VÖLCKERS: Die sind alle gleich wichtig. Wir haben bewusst internationale Gastspiele berücksichtigt, weil wir zeigen wollen, dass auch anderswo – in Cork, Manchester oder Buenos Aires – Arbeitsformen wie im »Heimspiel« erfolgreich sind. Das ist nichts, was nur in Deutschland und nur an Stadttheatern funktioniert. Aber vielleicht haben wir hier angesichts unserer reichen Stadttheaterlandschaft eine besondere Verpflichtung, uns kommunalen Themen zu öffnen und theaterferne Gruppen ins Publikum einzubinden. Das Festival »Heimspiel« dient ganz wesentlich dem Erfahrungsaus-tausch, national wie international, und deshalb sind auch die Symposien, Workshops und Archive ein ganz wichtiger Bestandteil des Festivals.
K.WEST: Gefühlt zwei Drittel des ganzen Programms sind Vorträge. Richtet sich »Heimspiel« am Ende eher an Theaterwissenschaftler?
VÖLCKERS: Ganz und gar nicht. Das Festival ist vor allem etwas für Leute aus der Theaterpraxis, ganz besonders für Dramaturgen, Regisseure oder Schauspieler, aber auch für ein theaterbegeistertes Publikum, und sicherlich gibt es auch Theaterwissenschaftler, die sich dafür interessieren. Das »Heimspiel 2011«-Festival unterscheidet sich allerdings ziemlich von anderen Festivals, wie z.B. das jährliche Theatertreffen in Berlin, das die Kulturstiftung des Bundes ja auch finanziert. Da zeigen wir die Highlights einer Theatersaison. Im Gegenzug geht es bei »Heimspiel 2011« weniger um eine Präsentation von Best-Of-Stücken, sondern um Vorbildliches in einem umfassenden Sinn: Es geht darum, die Fähigkeiten des Theaters zu zeigen, sich aus sich selbst heraus zu erneuern, seine Themenkreise zu erweitern, das Repertoire künstlerischer Ausdrucksformen zu vergrößern und neues Publikum anzusprechen. Das scheint uns für die Zukunftsfähigkeit von Stadttheatern enorm wichtig.

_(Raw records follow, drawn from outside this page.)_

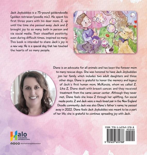 Jack Joybubbles is a 75-pound goldendoodle (golden retriever/poodle mix). He spent his first three years with his dear mom, Z, up until the time she passed away. Jack and Z brought joy to so many, both in person and via social media. Their steadfast positivity, even during difficult times, inspired so many. This book is intended to share Jack's joy in a new way. He is a special dog that has touched the hearts of so many people.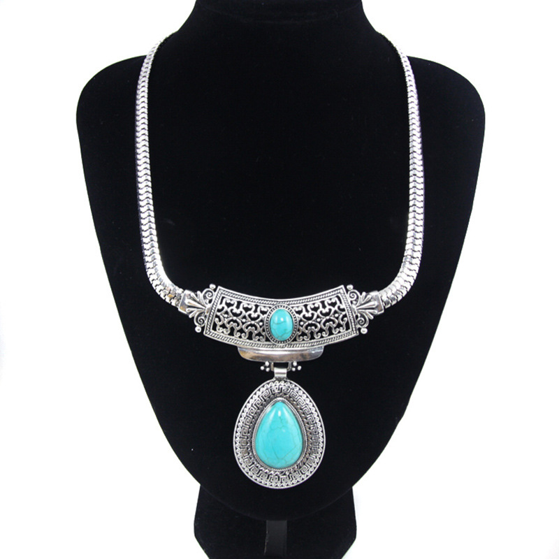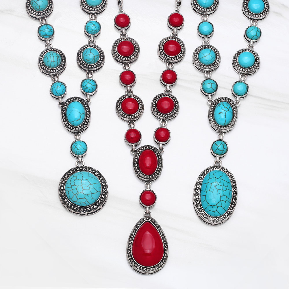 قلادة فيروزية أوروبية وأمريكية بتصميم هندسي دائري عتيق للبيع بالجملة nka098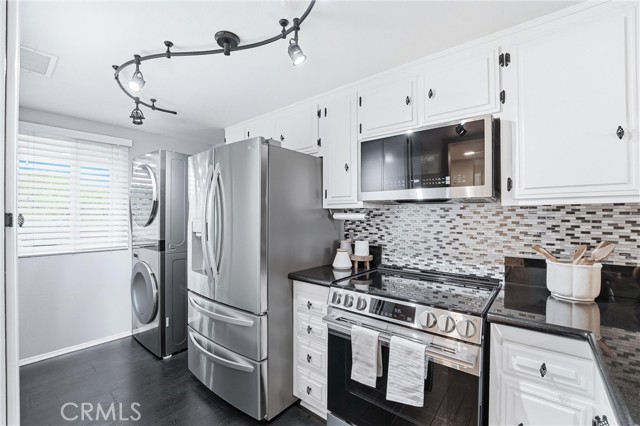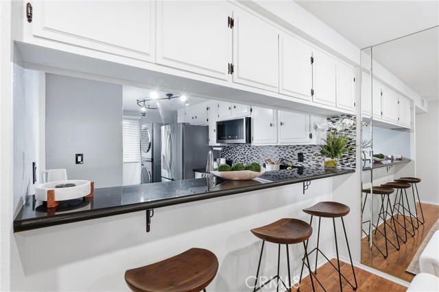 Come experience the charm and lifestyle of Whittier in this rare, turnkey single level end unit condo, situated on a historic tree lined street. Offering 1,364 sq. ft. this beautifully upgraded 3bed 2bath condo blends comfort, style, and convenience in one of Whittier’s most sought after locations just minutes from Whittier College with easy access to the 605, 5, 10, & 60 freeways. Step inside to an open and inviting floor plan filled with natural light and thoughtfully curated upgrades throughout. The living and dining areas has laminate flooring, cozy fireplace, plantation shutters, new tinted dual-pane sliding doors. Freshly painted with all new dimmable LED Halo recessed lighting, new receptacles new light switches, custom light fixtures and new ceiling fans for a modern, polished feel. The updated kitchen has new granite countertops, abundant cabinetry, hardware, stainless steel appliances, Bosch dishwasher, LG electric range w/built-in air fryer, conventional oven, new garbage disposal, and LG stackable washer/dryer. The spacious primary suite has floor-to-ceiling tinted dual-pane windows, direct access to the balcony with new energy-efficient sliding door, dual closets, new carpet, recessed lighting & new ceiling fan. The primary bathroom has new plumbing, step-in shower, new tile floor & fixtures. Secondary bedrooms are generously sized with large new windows, recessed lighting, and ample closet space. The secondary full bathroom includes a tub, tile flooring, new light fixture and hardware. Additional improvements include, a new 18 SEER 3-ton heat pump HVAC system, new electrical breaker panel, and a water heater five years old. The private patio features a sunshade, outdoor carpeting, and a secured storage closet. The front door is equipped with a Ring doorbell, keyless smart lock plus a Honeywell smart Wifi controlled thermostat. Located within the private gated Beverly Timbers community of only 17 units, residents enjoy subterranean tandem parking, elevator access, low HOA includes water, trash, common area maintenance, elevator service, intercom, and security system. Enjoy the vibrant Uptown Whittier lifestyle with an array of dining options from casual to upscale, boutique shopping, local car shows, farmers markets, hiking trails, dog parks, and multiple parks, lake recreation at Whittier Narrows. Located near Longfellow, Dexter, Whittier HS, Plymouth Christian, Broadoaks and the YMCA. This property may qualify for a $10,000 grant program.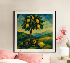 Una serena composizione cubista di un gatto addormentato che riposa pacificamente sotto un albero di limoni. Forme geometriche audaci e colori ricchi e contrastanti catturano un momento di tranquillità infuso di astrazione artistica.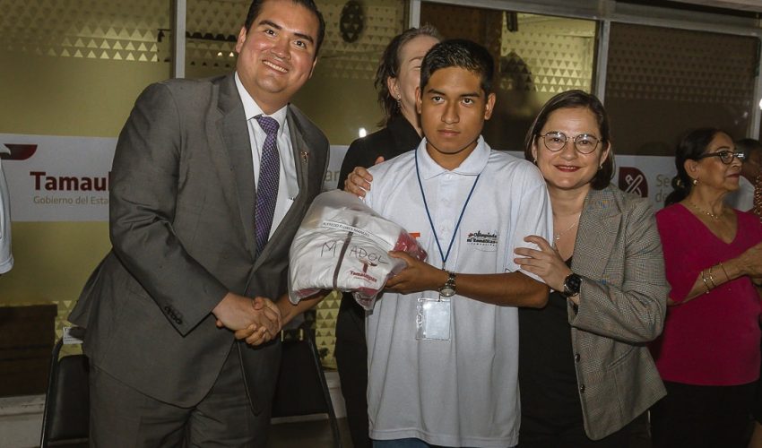La secretaria de Educación Lucía Aimé Castillo Pastor abanderó y entregó uniformes para la delegación estudiantil de nivel Básica y Media Superior de Tamaulipas, que participará en la Olimpiada Nacional de Matemáticas.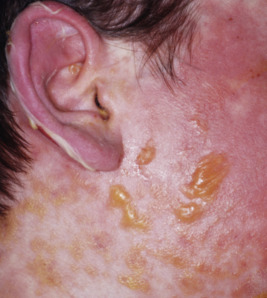 Toxic epidermal necrolysis (TEN). Note the sloughing of skin on the ear, which is exacerbated by gentle stroking of the area (positive Nikolsky sign). The mucosal involvement in this boy originally was typical of Stevens–Johnson syndrome, but he progressed to the extensive denudement of TEN.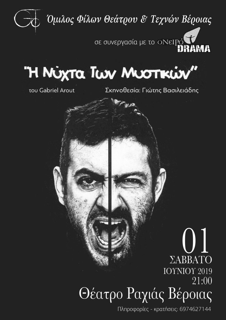 Ο Όμιλος Φίλων Θεάτρου & Τεχνών Βέροιας σε συνεργασία με το Ονειρόδραμα σας προσκαλεί στη θεατρική παράσταση «Η ΝΥΧΤΑ ΤΩΝ ΜΥΣΤΙΚΩΝ» που ανεβαίνει στο θέατρο της Ραχιάς το Σάββατο 1η Ιουνίου στις 9μ.μ.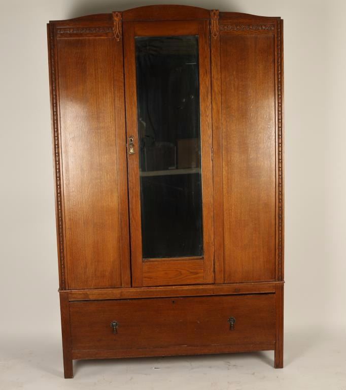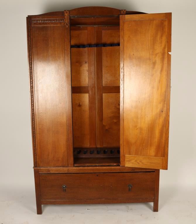 Art Deco period armoire with rifle rack inside, with lower storage drawer, mirrored door. 73 1/2"X47x16 1/2"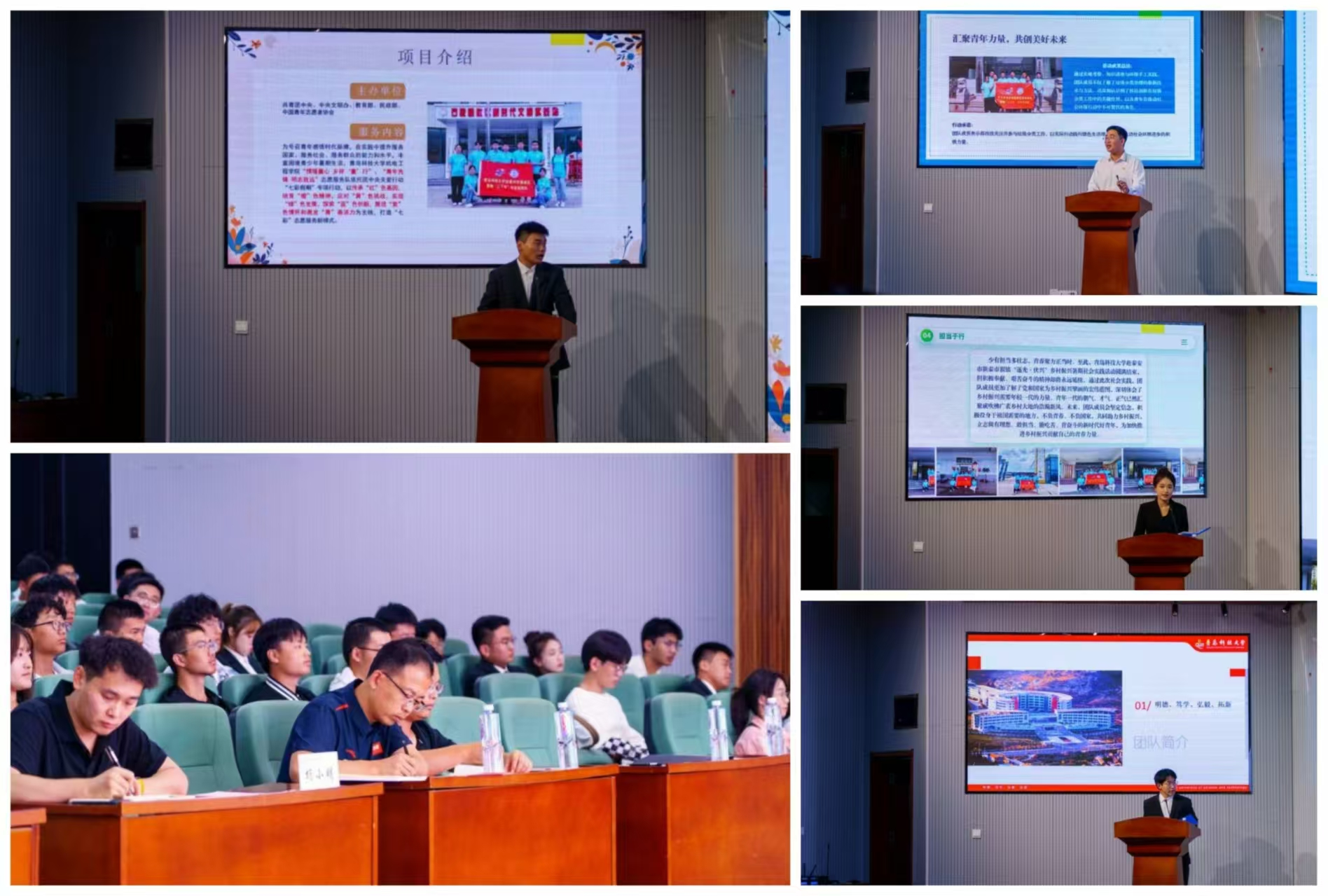 “青年强,则国家强。”本次活动共有9支团队参与答辩环节。团中央专项“七彩假期”代表郭力广同学,校级重点团队代表朱小琦、丁尉宸、侯昕泽、李世熜、王雨柔、张哲、杨桐、崔振华依次登台。从乡村振兴到工厂科创,从党史学习到绿色生态,都浸染在机电学子用实际行动所勾勒出的一卷卷青春蓝图。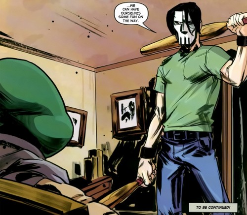 Du côté de Raphael, il faisait connaissance avec Casey Jones. Son père était un ivrogne qui buvait depuis le décès de sa femme. L’alcool lui faisait perdre ses moyens, le rendant violent. Il était très certainement parti dans un bar se rafraîchir le gosier. Il ne se souviendrait plus de rien le lendemain… Casey n’était pas effrayé par Raphael car il ne le jugeait pas à l’apparence. Son père lui faisait plus peur que le teint vert et la tête ronde de la tortue mutante. Il proposait à son sauveur de partir manger un bout quelque part pour le remercier de son intervention. Il partait prendre un masque de hockey, lui proposant de nettoyer les rues sur leur chemin.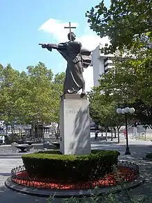 The Columbus statue at Journal Square (40°43′56″N 74°03′47″W / 40.732142°N 74.063114°W) in Jersey City was dedicated on October 15, 1950. Originally situated in a traffic island across from Loew's Jersey Theatre in 1998 it was moved to a pedestrian plaza. The ten-foot bronze statue is mounted on a white marble shaft and depicts Columbus "in a militant pose, holding a cross in his left hand and pointing westward with his right."[7] Funding for the statue was through private subscription. While on county-owned land, it is not property of the county and is partially maintained by the local chapter of the Dante Alighieri Society.[8][9] A plaque was added to the pedestal when rededicated on October 12, 1992, in memory of Edward F. Zampella, the "Voice of the Columbus Day Parade."[10]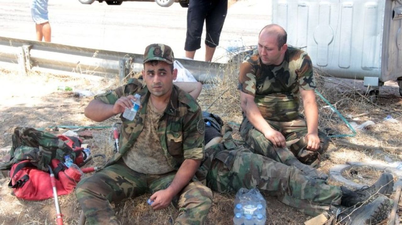 Asparan mevkiinde orman yangınına müdahale eden orman işçileri ile omuz omuza alevlere karşı savaş veren Azerbaycan itfaiye ekipleri yangın sonrası tekrar bir araya gelerek verilecek yeni görevi beklemeye başladılar.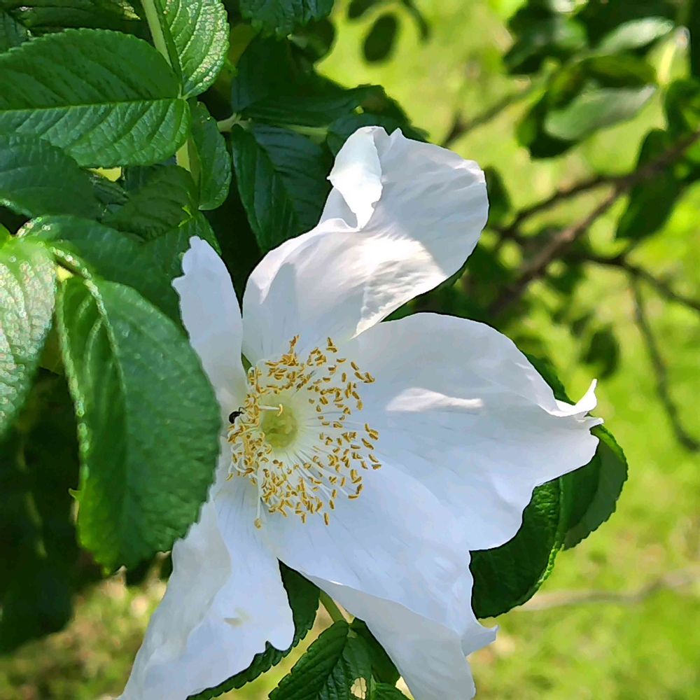 訪れた…六甲高山植物園内に…咲いてた…珍しい白花…ハマナス…の花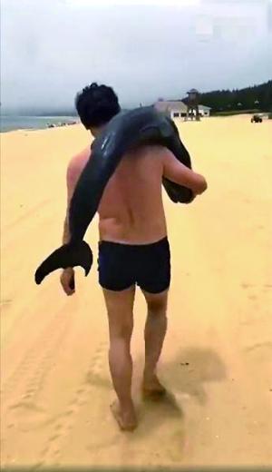 昨天,網絡流傳的多段視頻顯示,一名身穿泳衣的男子疑似背上扛著一只海豚在沙灘行走(見圖)。多位網友回復稱,該事件發(fā)生于廣東陽江市海陵島沙灘附近,涉事男子直接把海豚扛走。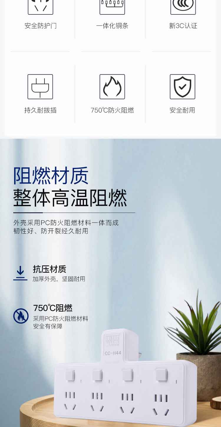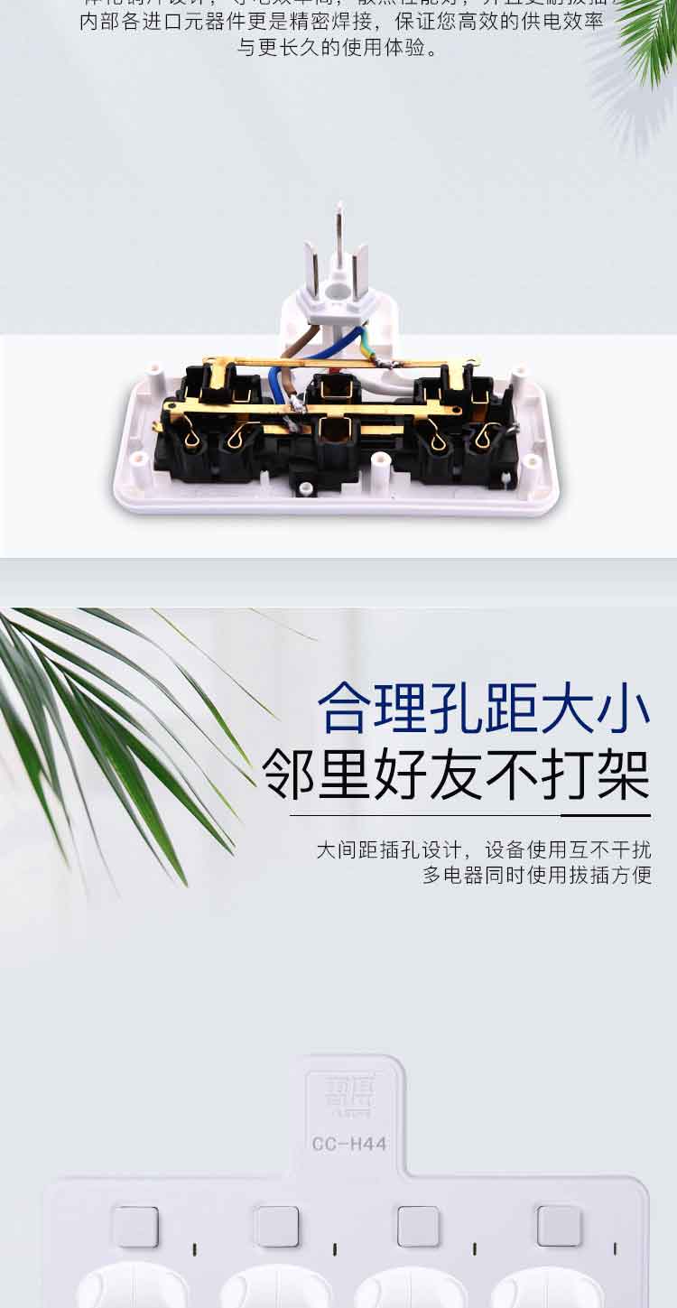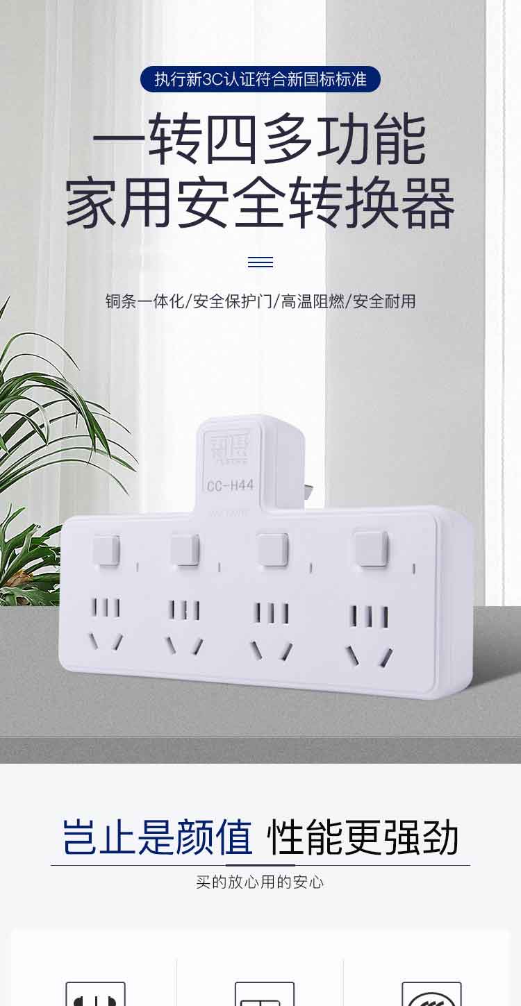 雷摄LEISE 插座转换器/一转多插座/无线转换插座/电源转换器/4位分控插座CC-H44 个 白色

K.WEST: Der Fonds Heimspiel schließt hiermit. Was ist die Bilanz?
VÖLCKERS: Ja, im Moment ist die Planung so, obwohl wir immer noch jede Menge Anträge bekommen. In der Öffentlichkeit, besonders auch in den Fachmagazinen wie Theater heute, hat das »Heimspiel«-Programm eine durchweg positive Resonanz gehabt, aber natürlich ist nicht jede einzelne Produktion auf ungeteilten Beifall gestoßen. Das ist normal. Unsere Bilanz geht in eine andere Richtung: Offensichtlich ist es uns gelungen, das richtige Angebot zum richtigen Zeitpunkt zu machen. Unsere Einladung an die Stadttheater, sich stärker um Themen zu kümmern, die gewissermaßen vor der eigenen Haustür lagen und neue Formen dafür zu entwickeln, ist bundesweit angenommen worden. Da ist uns etwas gelungen, von dem die Theaterszene langfristig profitieren wird. Produktionen à la »Heimspiel« werden nicht verschwinden, wenn wir den Fonds schließen. Da bin ich mir sicher, und das ist auch der schönste Erfolg!
Heimspiel mit sechs Gastspielen, vier »Archiven«, drei Symposien mit 18 Themen, sechs Workshops und einem Club in Schauspielhaus Köln, Schlosserei, Halle Kalk, Kölnischem Kunstverein und Antoniterkirche.